Try it. Each line from the one with "На изображениях совершенно" through the last line below must be written out exactly. Do not copy pictures.

Data extracted from a collection
━━━━━━

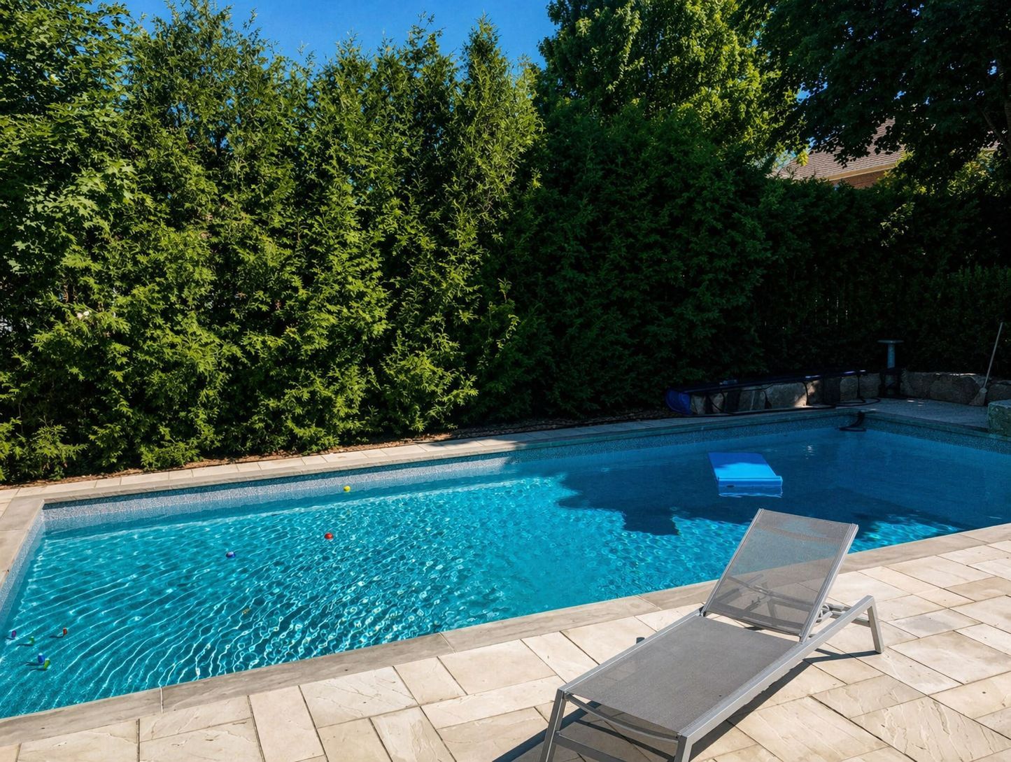 • Outdoor oasis with a saltwater pool, cabana, and seating areas.
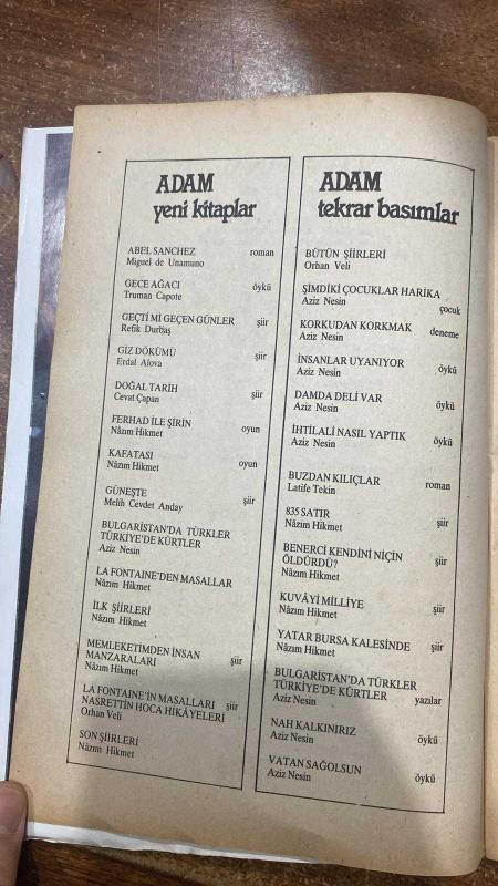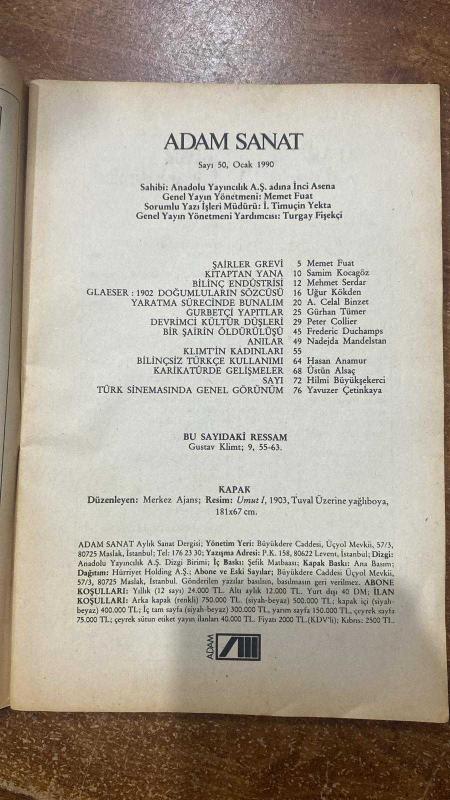 ADAM SANAT DERGİSİ - OCAK 1990 SAYI: 50 MEMET FUAT - SAMİM KOCAGÖZ - MEHMET SERDAR - UĞUR KÖKDEN - A. CELAL BİNZET - GÜRHAN TÜMER - PETER COLLIER - FREDERIC DUCHAMPS - NADEJDA MANDELSTAN - HASAN ANAMUR - ÜSTÜN ALSAÇ - HİLMİ BÜYÜKŞEKERCİ - YAVUZER ÇETİNKAYA - GUSTAV KLIMT - İNCİ ASENA - İ. TİMUÇİN YEKTA - TURGAY FİŞEKÇİ ŞAİRLER GREVİ - KİTAPTAN YANA - BİLİNÇ ENDÜSTRİSİ - GLAESER: 1902 DOĞUMLULARIN SÖZCÜSÜ - YARATMA SÜRECİNDE BUNALIM - GURBETÇİ YAPITLAR - DEVRİMCİ KÜLTÜR DÜŞLERİ - BİR ŞAİRİN ÖLDÜRÜLÜŞÜ - ANILAR - KLIMT'İN KADINLARI - BİLİNÇSİZ TÜRKÇE KULLANIMI - KARİKATÜRDE GELİŞMELER - TÜRK SİNEMASINDA GENEL GÖRÜNÜM - BU SAYIDAKİ RESSAM - KAPAK - ABONE KOŞULLARI - İLAN KOŞULLARI - 80 SAYFA, ANADOLU YAYINCILIK A.Ş İNCİ ASENA tarafından kaleme alınmıştır. Eser MEMET FUAT editörlüğünde hazırlanmıştır. Kitap . tarafından [ŞEFİK MATBAACILIK] yayınlanmıştır. 80 sayfadır. ADAM SANAT DERGİSİ - OCAK 1990 SAYI: 50 MEMET FUAT - SAMİM KOCAGÖZ - MEHMET SERDAR - UĞUR KÖKDEN - A. CELAL BİNZET - GÜRHAN TÜMER - PETER COLLIER - FREDERIC DUCHAMPS - NADEJDA MANDELSTAN - HASAN ANAMUR - ÜSTÜN ALSAÇ - HİLMİ BÜYÜKŞEKERCİ - YAVUZER ÇETİNKAYA - GUSTAV KLIMT - İNCİ ASENA - İ. TİMUÇİN YEKTA - TURGAY FİŞEKÇİ ŞAİRLER GREVİ - KİTAPTAN YANA - BİLİNÇ ENDÜSTRİSİ - GLAESER: 1902 DOĞUMLULARIN SÖZCÜSÜ - YARATMA SÜRECİNDE BUNALIM - GURBETÇİ YAPITLAR - DEVRİMCİ KÜLTÜR DÜŞLERİ - BİR ŞAİRİN ÖLDÜRÜLÜŞÜ - ANILAR - KLIMT'İN KADINLARI - BİLİNÇSİZ TÜRKÇE KULLANIMI - KARİKATÜRDE GELİŞMELER - TÜRK SİNEMASINDA GENEL GÖRÜNÜM - BU SAYIDAKİ RESSAM - KAPAK - ABONE KOŞULLARI - İLAN KOŞULLARI - 80 SAYFA adlı eser Türkçe dilindedir.
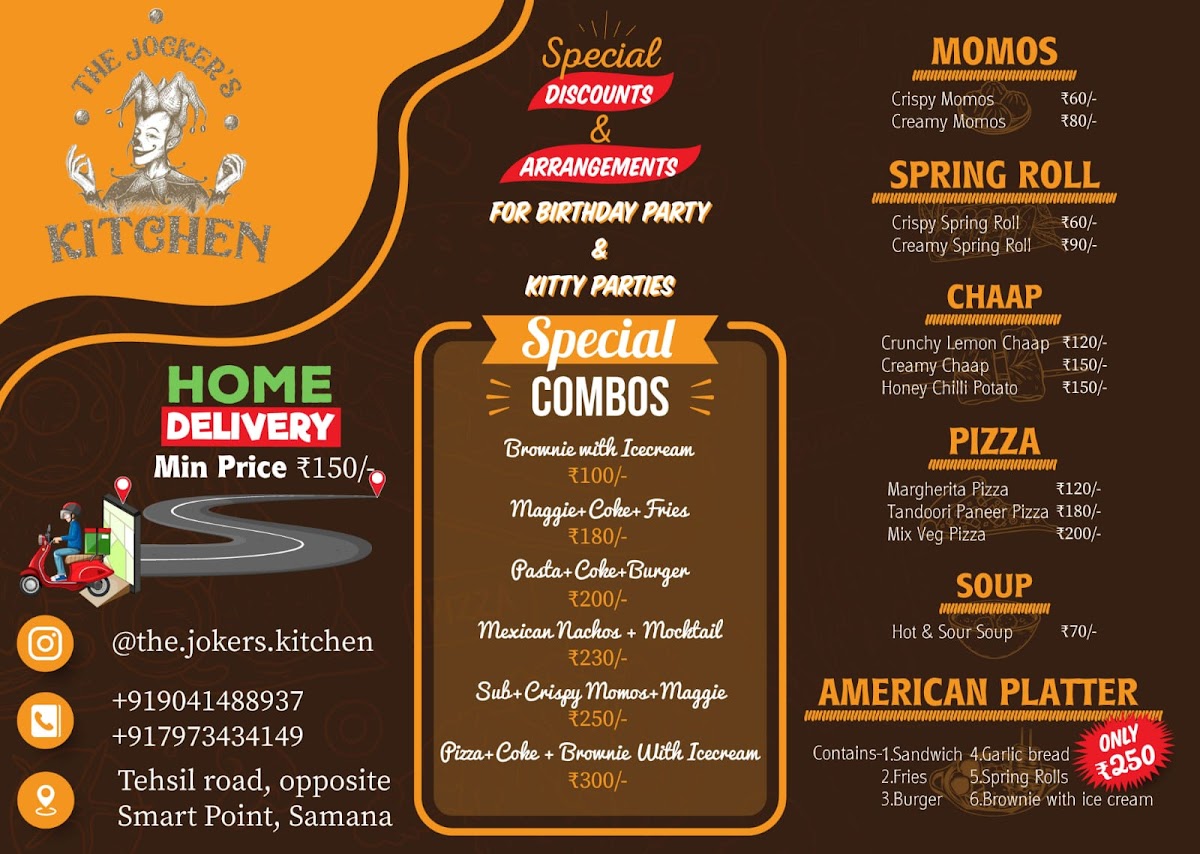 Welcome to The Joker's Kitchen, a vibrant cafe located on Tehsil Road, Waraich Colony in Samana, Punjab. This bustling eatery has quickly become a local favorite with its captivating ambiance and diverse menu that promises to thrill your taste buds.
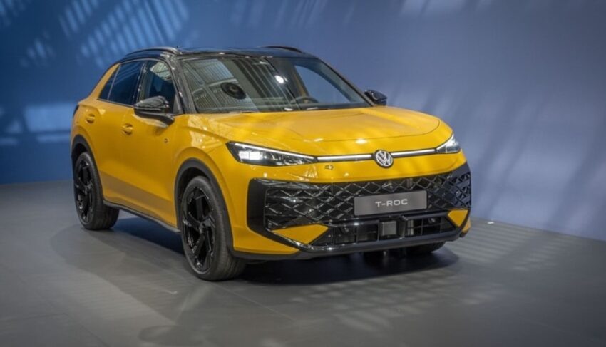 На изображениях совершенно новый Volkswagen T-Roc второго поколения 2025 года во всей красе в топовой комплектации R-Line с ярким жёлтым цветом кузова и контрастными чёрными деталями. Такими как решётка радиатора, передние стойки и крыша, а также пятиспицевые колёсные диски в стиле турбины. Мы также заметили другой дизайн легкосплавных дисков на малиновом экземпляре.
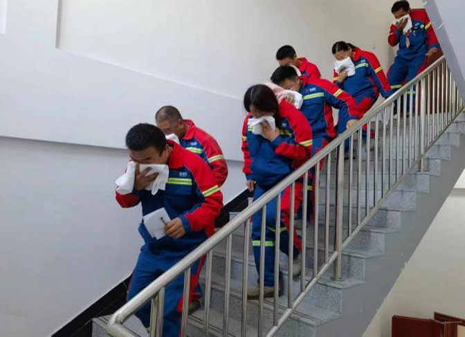 本次演练模拟综合楼办公区域突发“火情”、大量浓烟蔓延的情况,消控室接到烟感报警器报警后迅速准确地将火警信号传递到各楼层,灭火组、抢险救护组、后勤保障组等闻声而动,关闭电源、迫降电梯、疏散职工、救护伤员等各项应急工作迅速进行落实。大家弯腰猫步、捂住口鼻,有序从就近楼梯出口疏散到“安全区域”。负责人员第一时间组织现场自救与互救,将伤者运送到指定安全区域,拨打120急救中心电话,组织人员进行临时看护和临时性的心理疏导。

━━━━━━

Result for this task.
 На изображениях совершенно новый Volkswagen T-Roc второго поколения 2025 года во всей красе в топовой комплектации R-Line с ярким жёлтым цветом кузова и контрастными чёрными деталями. Такими как решётка радиатора, передние стойки и крыша, а также пятиспицевые колёсные диски в стиле турбины. Мы также заметили другой дизайн легкосплавных дисков на малиновом экземпляре.
 本次演练模拟综合楼办公区域突发“火情”、大量浓烟蔓延的情况,消控室接到烟感报警器报警后迅速准确地将火警信号传递到各楼层,灭火组、抢险救护组、后勤保障组等闻声而动,关闭电源、迫降电梯、疏散职工、救护伤员等各项应急工作迅速进行落实。大家弯腰猫步、捂住口鼻,有序从就近楼梯出口疏散到“安全区域”。负责人员第一时间组织现场自救与互救,将伤者运送到指定安全区域,拨打120急救中心电话,组织人员进行临时看护和临时性的心理疏导。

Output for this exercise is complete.